Segment Start: DATASET EXTRACT

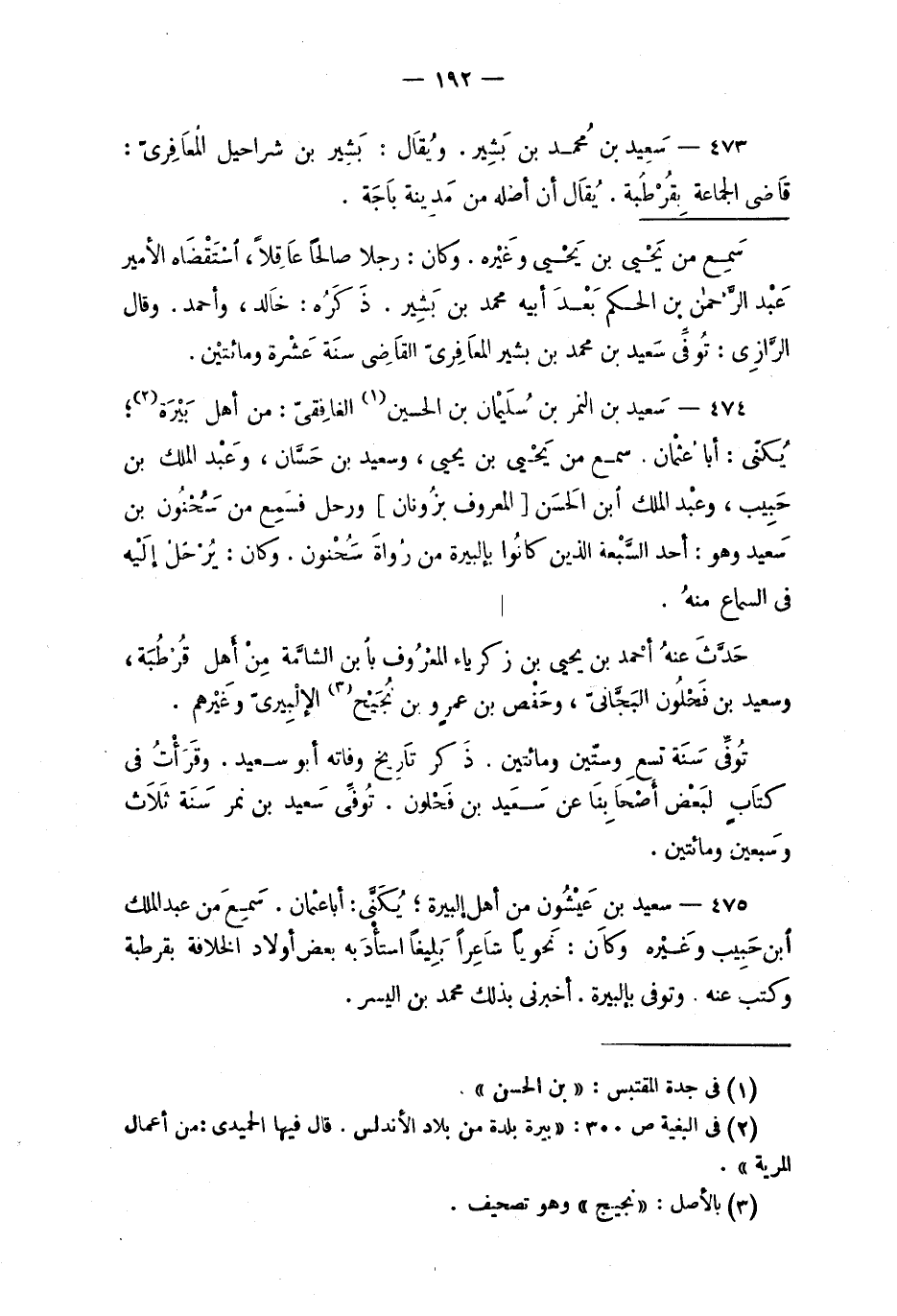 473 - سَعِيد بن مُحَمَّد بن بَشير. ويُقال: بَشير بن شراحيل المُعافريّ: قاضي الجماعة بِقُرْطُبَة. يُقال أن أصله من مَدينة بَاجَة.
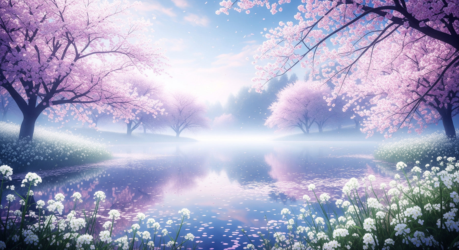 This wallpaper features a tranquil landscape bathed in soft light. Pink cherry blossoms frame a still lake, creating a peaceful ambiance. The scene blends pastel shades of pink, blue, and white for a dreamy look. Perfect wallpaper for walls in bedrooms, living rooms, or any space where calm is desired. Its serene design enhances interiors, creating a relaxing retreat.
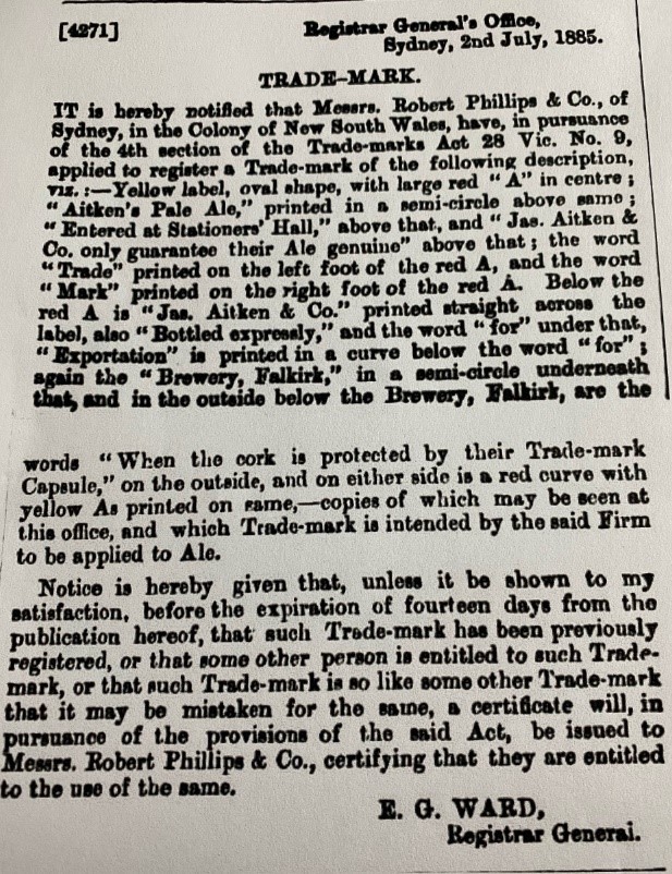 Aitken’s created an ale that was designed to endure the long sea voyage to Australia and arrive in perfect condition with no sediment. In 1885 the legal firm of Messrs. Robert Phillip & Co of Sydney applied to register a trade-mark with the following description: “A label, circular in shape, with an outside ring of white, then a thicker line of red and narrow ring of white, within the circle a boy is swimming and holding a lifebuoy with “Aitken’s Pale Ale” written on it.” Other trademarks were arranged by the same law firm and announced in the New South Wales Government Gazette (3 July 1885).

Segment End: DATASET EXTRACT

> REQUIRED ACTION:
Needed here is a verbatim copy of the data from the first line through the line with "This wallpaper features", without pictures.

> EXERCISE ANSWER:
 473 - سَعِيد بن مُحَمَّد بن بَشير. ويُقال: بَشير بن شراحيل المُعافريّ: قاضي الجماعة بِقُرْطُبَة. يُقال أن أصله من مَدينة بَاجَة.
 This wallpaper features a tranquil landscape bathed in soft light. Pink cherry blossoms frame a still lake, creating a peaceful ambiance. The scene blends pastel shades of pink, blue, and white for a dreamy look. Perfect wallpaper for walls in bedrooms, living rooms, or any space where calm is desired. Its serene design enhances interiors, creating a relaxing retreat.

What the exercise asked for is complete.